■ Task requirements
Return the listing exactly. Keep no pictures.
*** Data section
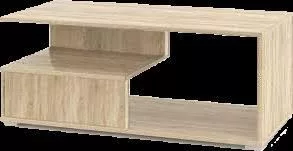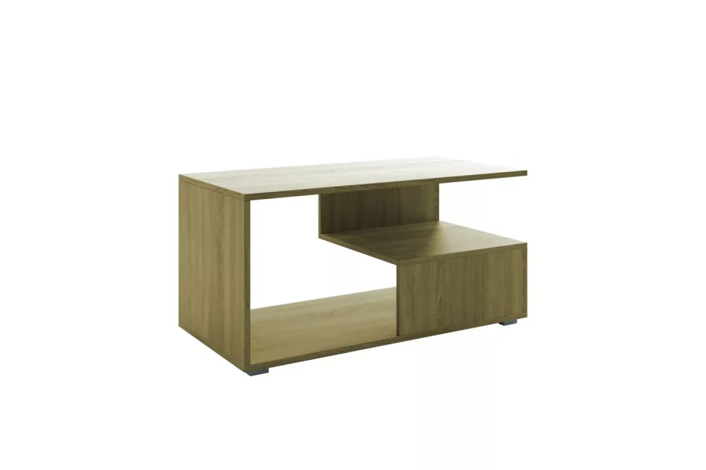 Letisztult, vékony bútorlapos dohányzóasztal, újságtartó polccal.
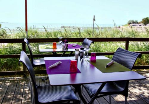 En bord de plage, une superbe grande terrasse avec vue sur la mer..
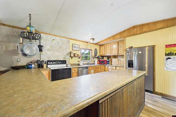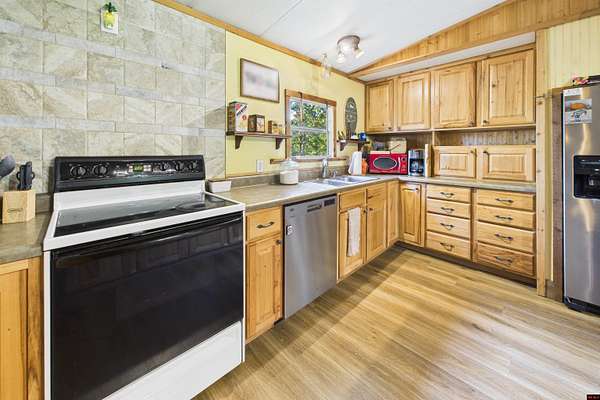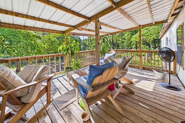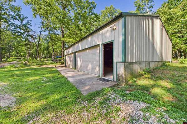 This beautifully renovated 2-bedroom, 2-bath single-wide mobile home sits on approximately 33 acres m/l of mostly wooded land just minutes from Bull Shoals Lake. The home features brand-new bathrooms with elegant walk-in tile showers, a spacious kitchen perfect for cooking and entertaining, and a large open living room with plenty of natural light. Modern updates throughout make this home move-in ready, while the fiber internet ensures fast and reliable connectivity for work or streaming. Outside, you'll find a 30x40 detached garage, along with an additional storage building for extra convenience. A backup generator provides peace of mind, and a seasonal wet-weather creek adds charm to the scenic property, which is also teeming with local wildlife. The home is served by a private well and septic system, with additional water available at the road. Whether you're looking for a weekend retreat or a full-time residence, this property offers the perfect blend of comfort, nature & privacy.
******
■ Exercise result
 Letisztult, vékony bútorlapos dohányzóasztal, újságtartó polccal.
 En bord de plage, une superbe grande terrasse avec vue sur la mer..
 This beautifully renovated 2-bedroom, 2-bath single-wide mobile home sits on approximately 33 acres m/l of mostly wooded land just minutes from Bull Shoals Lake. The home features brand-new bathrooms with elegant walk-in tile showers, a spacious kitchen perfect for cooking and entertaining, and a large open living room with plenty of natural light. Modern updates throughout make this home move-in ready, while the fiber internet ensures fast and reliable connectivity for work or streaming. Outside, you'll find a 30x40 detached garage, along with an additional storage building for extra convenience. A backup generator provides peace of mind, and a seasonal wet-weather creek adds charm to the scenic property, which is also teeming with local wildlife. The home is served by a private well and septic system, with additional water available at the road. Whether you're looking for a weekend retreat or a full-time residence, this property offers the perfect blend of comfort, nature & privacy.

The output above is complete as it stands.